The Church of Scientology has defended its series of pandemic-related booklets, which include the previously mentioned "How to Keep Yourself & Others Well" and "How to Prevent the Spread of Illness With Isolation," along with "How to Protect Yourself & Others With a Mask & Gloves." A spokesperson has said that they "could not vaguely be considered 'religious literature'" and they don't mention anything about the Church's beliefs—although each one does have a URL and a QR code for the Scientology website, as well as "Courtesy of Church of Scientology International" printed on the back cover.

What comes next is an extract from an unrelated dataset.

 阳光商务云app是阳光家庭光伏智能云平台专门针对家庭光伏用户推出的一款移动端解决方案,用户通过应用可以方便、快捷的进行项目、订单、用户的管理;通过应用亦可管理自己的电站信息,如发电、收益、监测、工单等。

Printing assorted booklets isn't a new tactic for the church; you can also request copies of other literature like "The Truth About Drugs," "A Description of Scientology," or "The Way of Happiness," which is distributed through the Scientology-adjacent Way to Happiness Foundation. But some of the church's critics (who are often former members) say that these freebies—and the volunteer programs that hand them out—are part of Scientology's plan to be taken seriously, to gain "mainstream" acceptance, and to attract donations and financial support.
"Those activities are never done for the intrinsic value of helping people. It’s always done for the PR," Dani Ballou, who previously worked for Scientology’s Sea Org, told the Tampa Bay Times. "Just the simple act of packing food into a bag for kids for the school system, you wouldn’t dare waste that opportunity to promote church."

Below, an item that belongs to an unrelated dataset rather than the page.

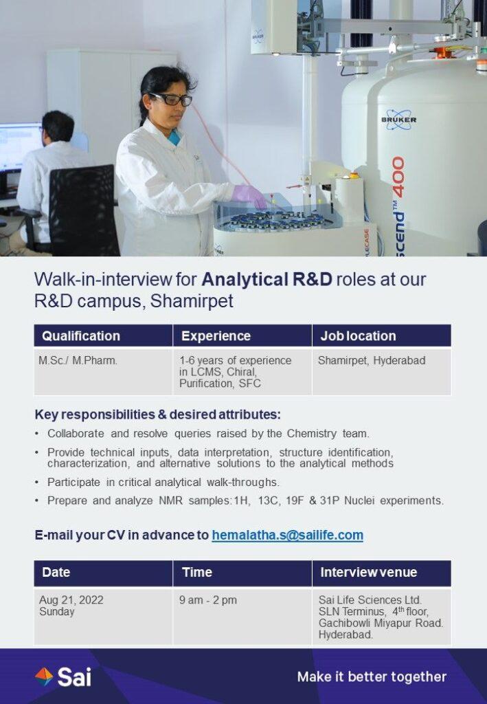Sai Life Sciences Ltd walk-in interviews for Analytical R&D roles on August 21, 2022

The information contained in the "Stay Well" series also seems to be at odds with Scientology leader David Miscavige's personal beliefs about coronavirus. In a March memo he wrote to members of the church, he referred to the "the current hysteria" of the developing pandemic. He also claimed that church members were "preventing and/or killing" coronavirus by cleaning their buildings with "nebulized peroxide and Decon7.” (Neither of those sanitation methods are mentioned in the "Stay Well" booklets.)
Tony Ortega, the former Village Voice editor who has fervently reported on Scientology for his own website, told the Daily Beast that Miscavige had instructed Scientologists to go to their local church to read his letter. "They’re trying to get people to come in. They’re saying you gotta stay with the courses and auditing, and they’re worrying about the money drying up," Ortega said. "Scientology was not set up to be done over the internet. It really requires person-to-person contact."
Last month, a church spokesperson said that there had been zero cases of coronavirus among the congregation of its West Coast headquarters in East Hollywood, Los Angeles. "Our Church’s message to its members is: An ounce of prevention is worth a ton of cure," she said.